On August 4, 1994, an hour after the birth of his first child--my oldest sister--he made a 90-degree turn on a bumpy road straight into an equally jolted car. The motorcycle stopped but my father did not, catapulting off the Suzuki and over the other car and into a muddy ditch. He emerged from the collision scratch-free, but like his beloved Suzuki, his appetite for motorcycling was wrecked. His right leg still hurts. 

My appetite for motorcycles burnt out early. The memory of my last and first ride is more feeling than sight: the thundering wind, the whining motor, the warmth of my laughing cousin’s shirt pressed against my whimpering face, my clanging heart. When I opened my eyes, the dirt road was rushing away, receding like sand before a wave crashes onto shore. I sat still waiting for when the motorcycle would stop and I would keep going. It never came, and I never cared to try again. The motorcycle was also a Suzuki.

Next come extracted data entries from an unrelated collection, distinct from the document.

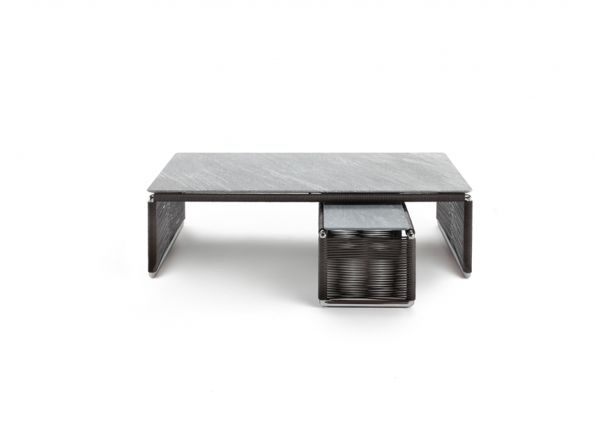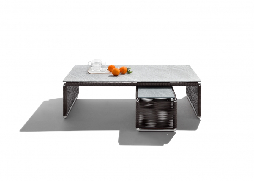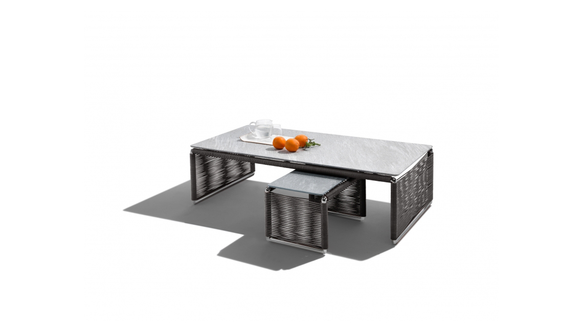 Tindari Outdoor茶幾完美詮釋了Flexform的一個(gè)珍貴主題,即編織。 茶幾的結(jié)構(gòu)采用擠壓鋁材,表面涂層為環(huán)氧粉末噴漆。整個(gè)結(jié)構(gòu)都包裹在輕盈結(jié)實(shí)的聚丙烯纖維或聚氨酯橡膠編織里,色彩包括天然色調(diào)、波爾多色和橄欖綠色。 巧手工匠的手工編織,為冷峻的金屬帶來(lái)溫度,帶來(lái)了一件個(gè)性鮮明的家具,可輕松搭配Flexform戶外系列的所有座椅,為露臺(tái)和陽(yáng)光房的布置增添優(yōu)雅格調(diào)。 Tindari茶幾也有石材臺(tái)面的版本,可選銀色Beola石,火山石,斑巖或卡多灰沙石。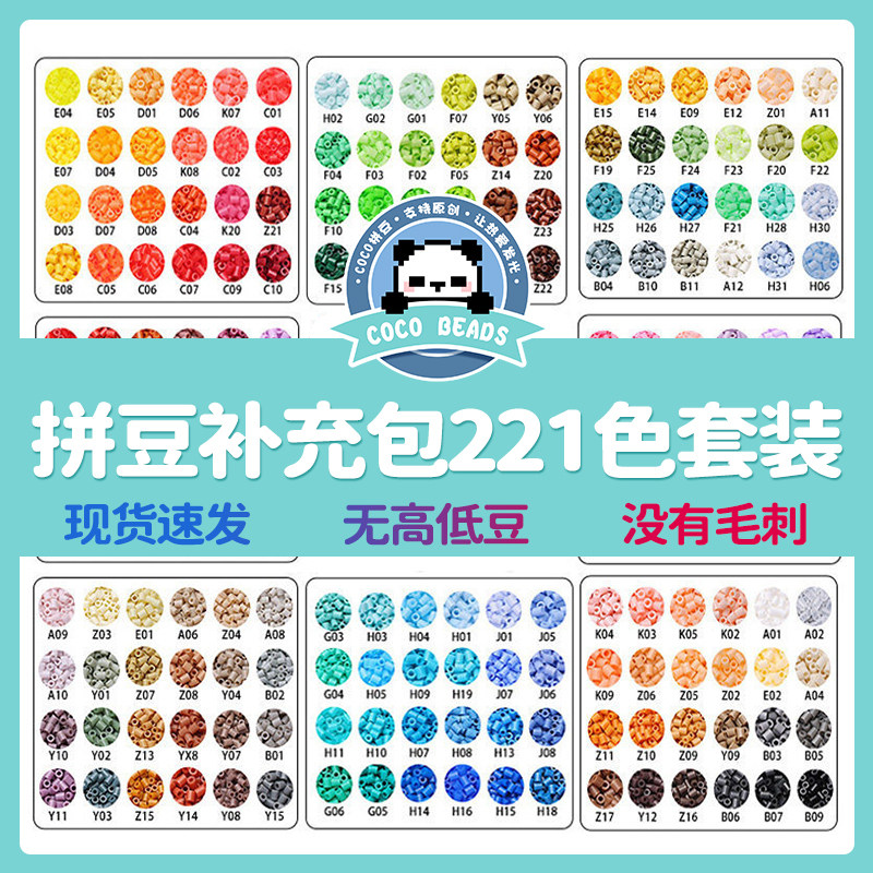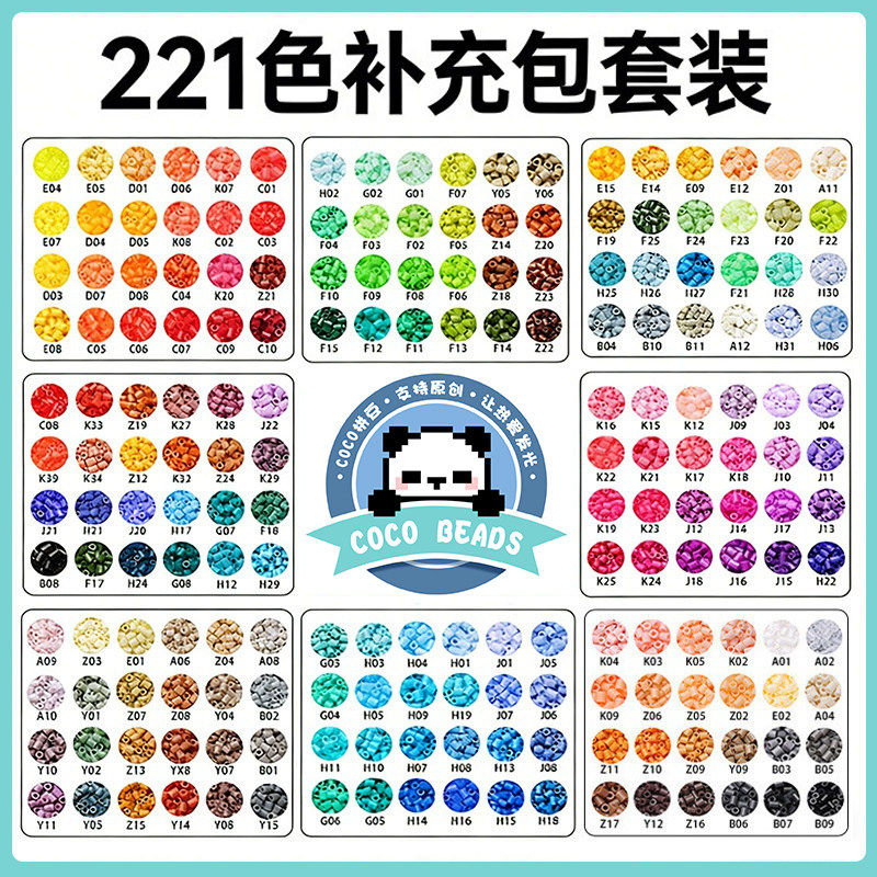 手工diy豆子2.6mm小豆 COCO拼豆补充包材料包全套融合221色套装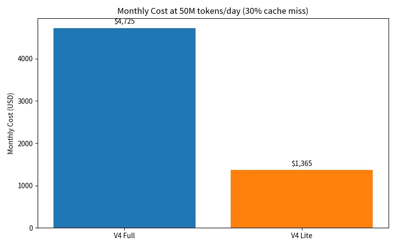 The key number: if V4 Lite prices near current V3.1 levels ($0.14–0.15/M input), you're looking at a ~2–3x cost reduction versus full V4 while retaining the same 1M context window. For high-volume pipelines, that difference compounds fast.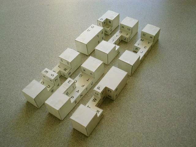 Once cut out and assembled, the 6 shapes form pieces of a 6-piece burr puzzle. The pieces fit together in only one way. Once the burr is solved, the message "BRING 2 HUNT HEADQUARTERS" is easily read.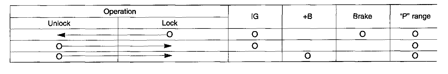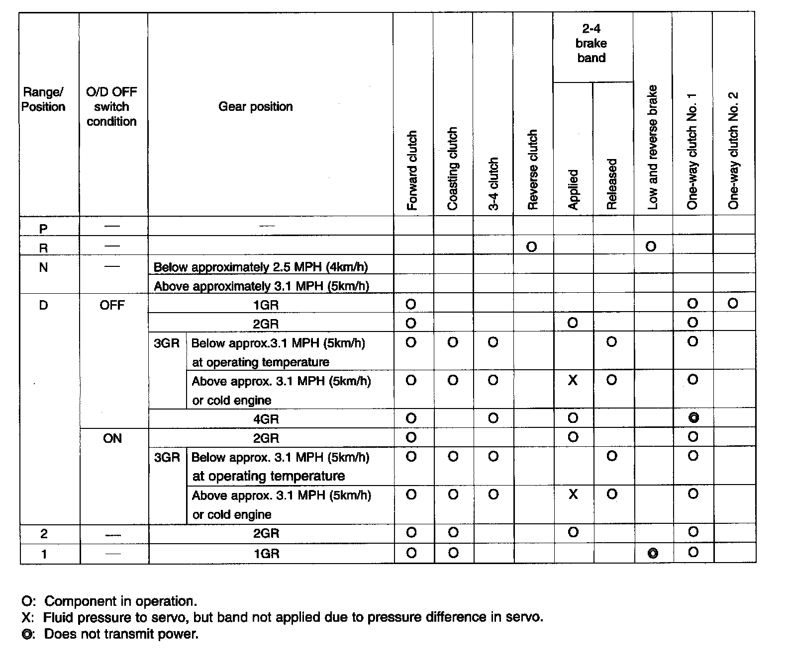 COMPONENT OPERATION TABLE: O/D OFF SYSTEM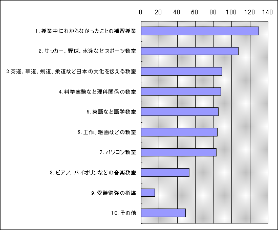 こちらのグラフは、主に”教育内容で力を入れてほしいこと”をお聞きした結果です。少子化と習い事全盛の現在では、ほとんどが学校外のサービスとして提供されていることが分かります。また、当記事内では選択式質問だけでなく、回答者のフリーコメントも紹介しています。こちらも先生方にとっては興味深い資料となっています。お時間のあるときに覗いてみてください。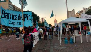La organización, que programa los bloqueos para el mediodía, instaló a las 7 cinco gazebos blancos y una olla popular en la Plaza de la República, frente al Obelisco, donde unos 250 integrantes de la agrupación agitaban banderas de Barrios de Pie.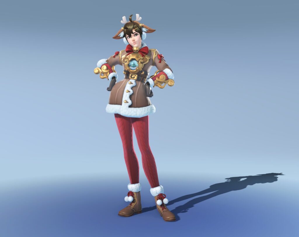 Essas duas são bem voltadas para a fantasia de fim de ano: a Tracer de rena é quase a definição de “skin natalina”, enquanto a Vendetta ganha um visual social/elegante que contrasta com sua persona brutal.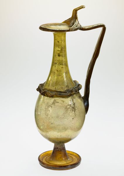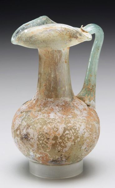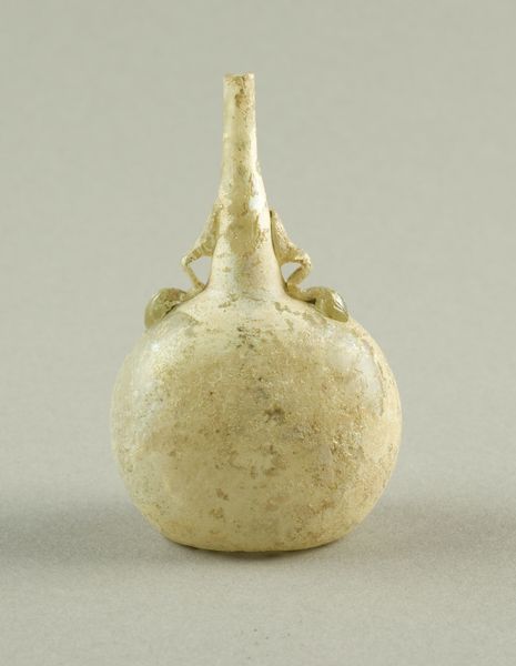 Editor: Here we have an exquisite glass Flask, probably from the 9th to 11th century. I'm really drawn to how the iridescent surface seems to shimmer. What do you find most interesting about this object? Curator: Well, immediately I'm interested in how this object collapses boundaries. Its clear utility contrasts the almost baroque additions of decoration around the main body. The material tells a story too; the availability of such refined glass signals complex trade routes and specialist craftsmanship of the time. Editor: The handles – are those functional or purely decorative? They seem almost awkwardly placed. Curator: Precisely! Do they aid in handling, or do they indicate something more? Perhaps status, or a connection to a particular workshop that valued ornate designs? Remember, every choice – material, form, decoration – represents labor, skill, and the intended consumption of this piece. It's function transcends mere containment; it becomes a display of production and the aspirations of its owner. Editor: So, you’re saying we can read this flask as an artifact not just of beauty, but also of social and economic practices? Curator: Exactly. How and where the glass was sourced, the techniques employed in its manufacture, and ultimately who would have used such a thing speaks volumes about the social landscape of its time. It allows us to consider labor, trade and the very concept of value in the medieval world. Editor: I’ve never thought about art this way before, thank you! Curator: Indeed. Considering these details gives us a glimpse into the past, viewed through its means of production and material existence.

My father believes in fate, which might explain why he’s so eager to tempt it. Ten years after he escaped death by Suzuki, I answered the phone. “Is your mother there?” my father asked, his voice tired. We were on a summer vacation in Egypt, but my father had stayed behind in the United States. She’s at my aunt’s, I answered. “Have her call me back,” he said, and hung up. I found out later that, although our white Montana Pontiac had flipped three times when the collision happened, the doctors didn’t find a single broken bone in my father’s body. 

Twelve years after, I was stuck in traffic at the exit to Ryder’s Lane. My oldest sister called. He’d gotten into another accident. At the exit to Ryder’s Lane. Wooden pole.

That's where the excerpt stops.